Re: [PATCH v2 2/2] riscv/atomic: Strengthen implementations with fences
From: Andrea Parri
Date: Fri Mar 09 2018 - 16:30:23 EST
On Fri, Mar 09, 2018 at 10:54:27AM -0800, Palmer Dabbelt wrote:
> On Fri, 09 Mar 2018 10:36:44 PST (-0800), parri.andrea@xxxxxxxxx wrote:
[...]
> >This belongs to the "few style fixes" (in the specific, 80-chars lines)
> >mentioned in the cover letter; I could not resist ;-), but I'll remove
> >them in v3 if you like so.
>
> No problem, just next time it's a bit easier to not mix the really complicated
> stuff (memory model changes) with the really simple stuff (whitespace changes).
Got it.
> >This proposal relies on the generic definition,
> >
> > include/linux/atomic.h ,
> >
> >and on the
> >
> > __atomic_op_acquire()
> > __atomic_op_release()
> >
> >above to build the acquire/release atomics (except for the xchg,cmpxchg,
> >where the ACQUIRE_BARRIER is inserted conditionally/on success).
>
> I thought we wanted to use the AQ and RL bits for AMOs, just not for LR/SC
> sequences.
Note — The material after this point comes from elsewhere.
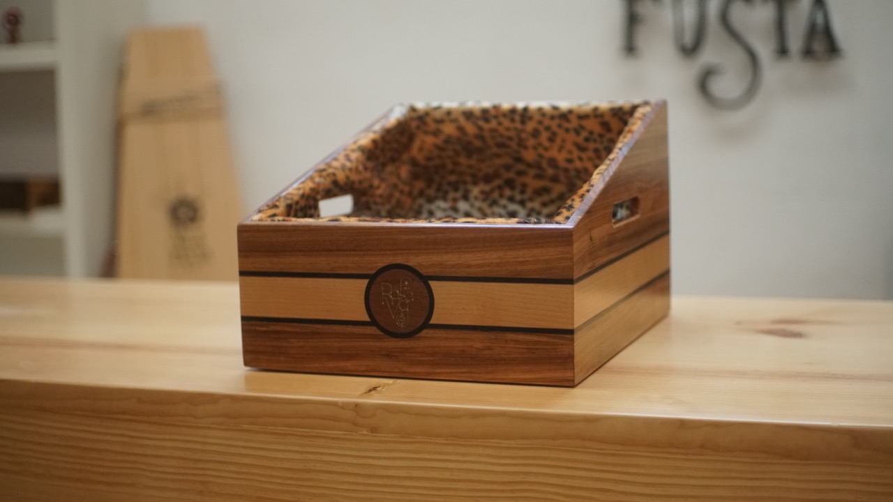 Dinos el formato de tus vinilos (7”, 12” o 14”), escoge entre una de nuestras telas molonas con las que tapizamos el acolchado y déjanos que te asesoremos para elegir el tipo de madera y la posible customización de tu caja.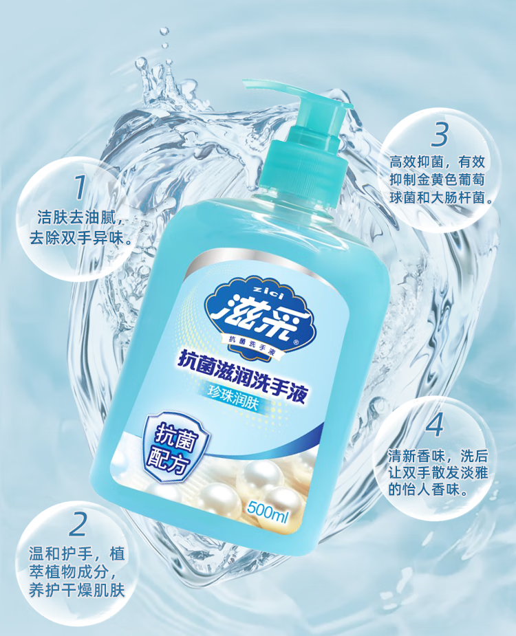滋采 洗手液蘆薈長效殺菌消毒滋潤99.9%洗手液500ML

IIRC the AMOs are safe with the current memory model, but I might
> just have some version mismatches in my head.
AMO.aqrl are "safe" w.r.t. the LKMM (as they provide "full-ordering"); OTOH,
AMO.aq and AMO.rl present weaknesses that LKMM (and some kernel developers)
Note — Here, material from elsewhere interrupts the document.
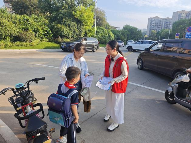 “小朋友,过马路要注意安全哦!”现场,一名志愿者弯腰对正准备过马路的小学生耐心讲解安全通行要领。护学队伍不仅守护学生通行安全,还积极向接送学生的家长普及交通安全知识,强调驾乘电动车、摩托车佩戴头盔的重要性,增强家长和学生的自我保护意识。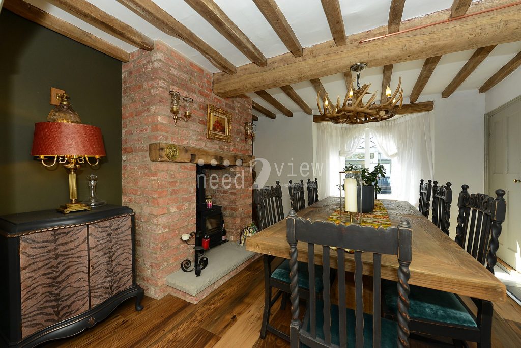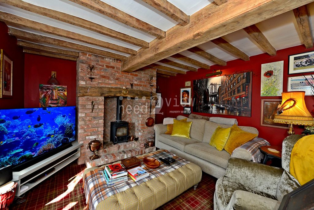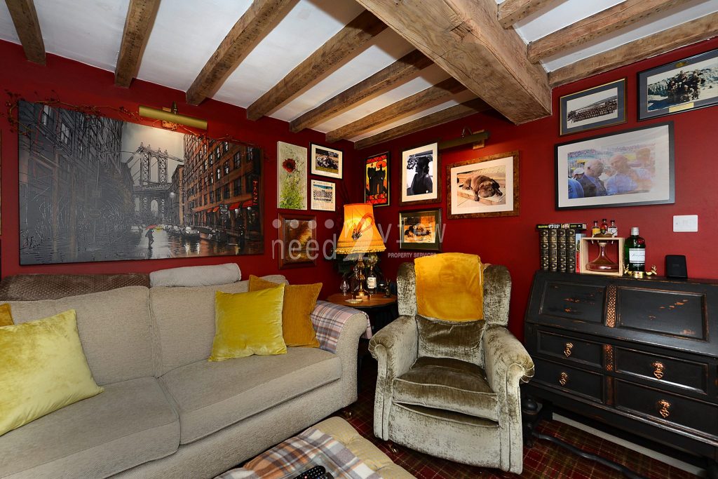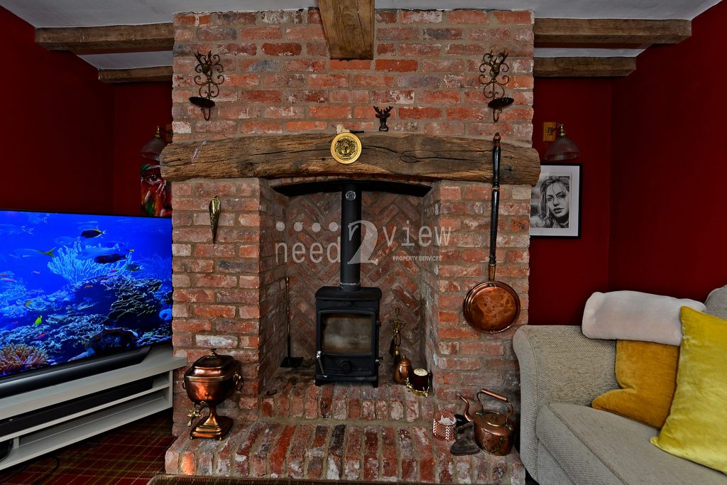A charming sitting room that boasts a wealth of traditional features to include oak beams, open fireplace with exposed brickwork and log burner. There are wall light points, numerous power points, TV aerial point, radiator, and double glazed bay window to the front.

do not "expect". I was probing this issue in:
https://marc.info/?l=linux-kernel&m=151930201102853&w=2
(c.f., e.g., test "RISCV-unlock-lock-read-ordering" from that post).
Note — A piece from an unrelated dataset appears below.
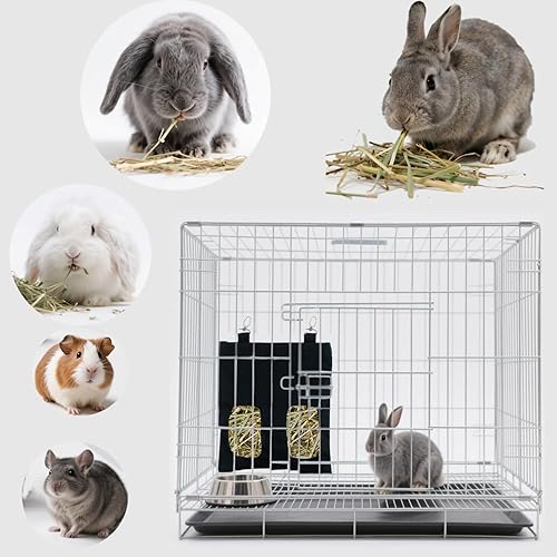 Practical Design: The hay holder for rabbits has 2 holes, which allow 2 pets to eat at the same time, and the top is designed with 2 metal buttons, rabbit hay feeder can be hung in the pet cage or anywhere else, so that pets can stretch their heads to eat, reducing waste and being very convenient and practical

Quoting from the commit message of my patch 1/2:
"Referring to the "unlock-lock-read-ordering" test reported below,
Daniel wrote:
I think an RCpc interpretation of .aq and .rl would in fact
allow the two normal loads in P1 to be reordered [...]
[...]
Likewise even if the unlock()/lock() is between two stores.
A control dependency might originate from the load part of
the amoswap.w.aq, but there still would have to be something
to ensure that this load part in fact performs after the store
part of the amoswap.w.rl performs globally, and that's not
automatic under RCpc.
Simulation of the RISC-V memory consistency model confirmed this
expectation."
I have just (re)checked these observations against the latest specification,
and my results _confirmed_ these verdicts.